After the Jammu drone incidents, defence planners categorically resolved that India must immediately enhance its drone production and operational capability. On 15 January 2021, on the occasion of the Army Day parade, a swarm of 75 drones appeared in the Indian sky that identified and then destroyed a variety of fake targets-tanks, terrorist camps and helipads. The announcer said that the demonstration was only the beginning. It meant that India had a comprehensive programme of developing her drone arsenal to match both China and Pakistan.

It is understood that the army is contemplating collaborating with the private sector to develop a swarm of a thousand drones that would operate autonomously… Although the main usage of the drones will be the battlefield, India has other civilian areas where drone services are most fitted and she would not keep these areas out of the range of its drones. This being the enterprise under public-private partnership in which the government is likely to make financial investments, India has also imported drones and drone technology from Israel and the United States.

It is not that India has been taking the drone menace lightly. Since a good time, Indian defence experts are seized by the idea of developing a stealthy combat drone for the Air Force. The one module they are working at is Ghatak capable of flying into the enemy territory undetected to drop bombs and precision-guided missiles. India has leased two Predator drones from the US and hopes to sign a $3 billion deal for 30 more.

India’s public sector research organizations are facing some difficulties no doubt and the private sector has found doing far better. For example companies like ideaForge have supplied drone aircraft to the Indian security forces, including the Indian Army. Sagar Defence Engineering is developing an unmanned, autonomous drone that floats on the ocean surface and collects data that it relays to satellites. Indian Navy is interested in this drone.

What prompts India to go the whole hog for the sophistication of drone technology is the ability of groups and individuals to attain access to and deploy drones that threaten India’s security y and stability. Terrorist organizations based in Pakistan are capable of exploiting India’s deterrence weakness. For example, In June 2021, Pakistani terrorist group Lashkar-i-Taiyyaba sent drones to drop homemade bombs on the Indian Air Force base in the Jammu region. It has come to the notice of the BSF that drones are also used to smuggle drugs on India’s border with Pakistan. In a report, BSF Chief said that 67 drones were sighted in 2021. Some might have gone unnoticed. It is difficult to shoot down a drone.

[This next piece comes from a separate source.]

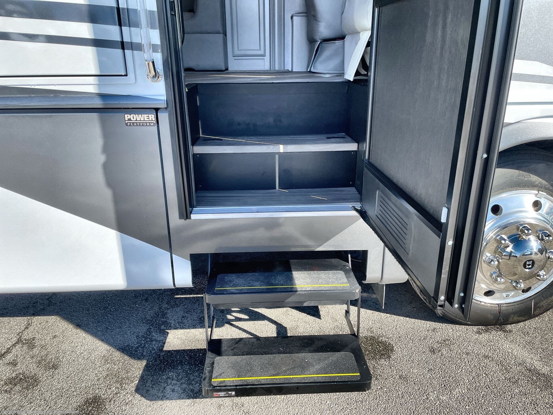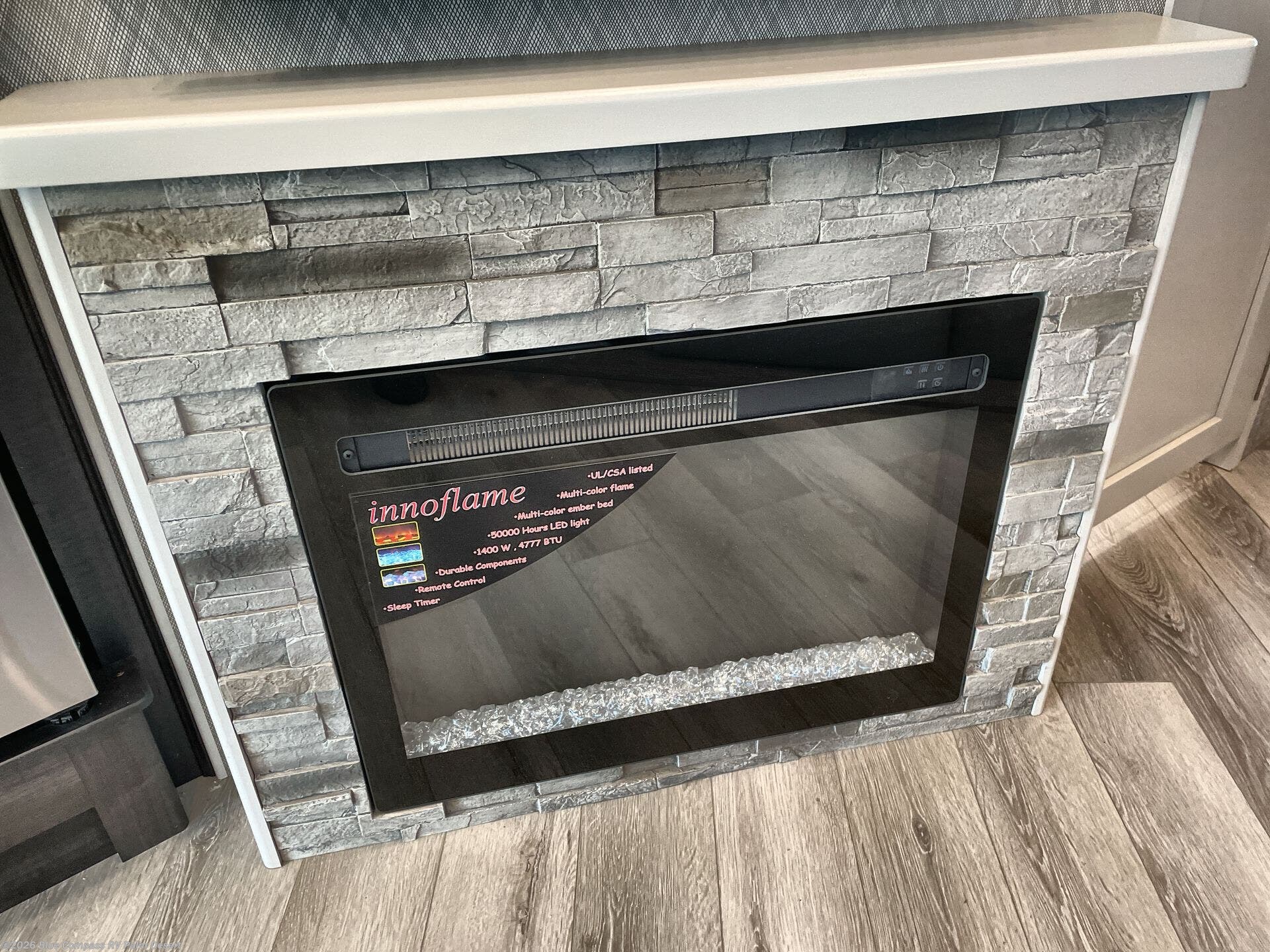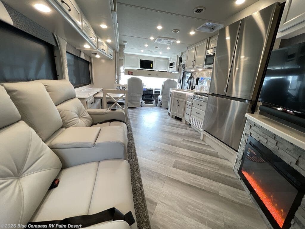 Get ready to live in this coach with all the amenities of home, yet your destination can change when you like! The rear bedroom offers a slide out king bed with CPAP storage above, plus wardrobes, a dresser and an LED TV to watch at night. The full bathroom offers a 24" x 40" shower with a seat so you can relax after shopping in town or hiking the trails. When you get hungry, the full kitchen offers a residential refrigerator, a convection microwave and pantry for all your goodies. The jackknife sofa and end table are across from the LED TV with a fireplace below for a great place to watch your shows, and the rest EZ dinette gives you a place to dine and even work if you need to. You can also enjoy your coffee while sitting in the driver and passenger seats that swivel with a pedestal table in between.

We think that the era of drone warfare has begun. It is of much concern to India because China has the most advanced drone system and technology which India does not have. Pakistan, our adversary on the west, too, has equipped herself with effective and lethal drones given to her by Turkey and China. Indian defence strategists need to focus on the impact of drone warfare if we do not have either the protective shield or counter-strategy. In September last, the US and India had agreed to share costs and work together to develop an air-launched drone that would benefit their respective air forces. Is this initiative going to be speeded up or is it that India must depend on indigenous resources and technology to meet the challenge. Voices are demanding that international ban should be imposed on drones taking into consideration that these machines have the capability of carrying any payload imaginable: anti-tank missiles, electronic warfare equipment, or simply guns and bombs.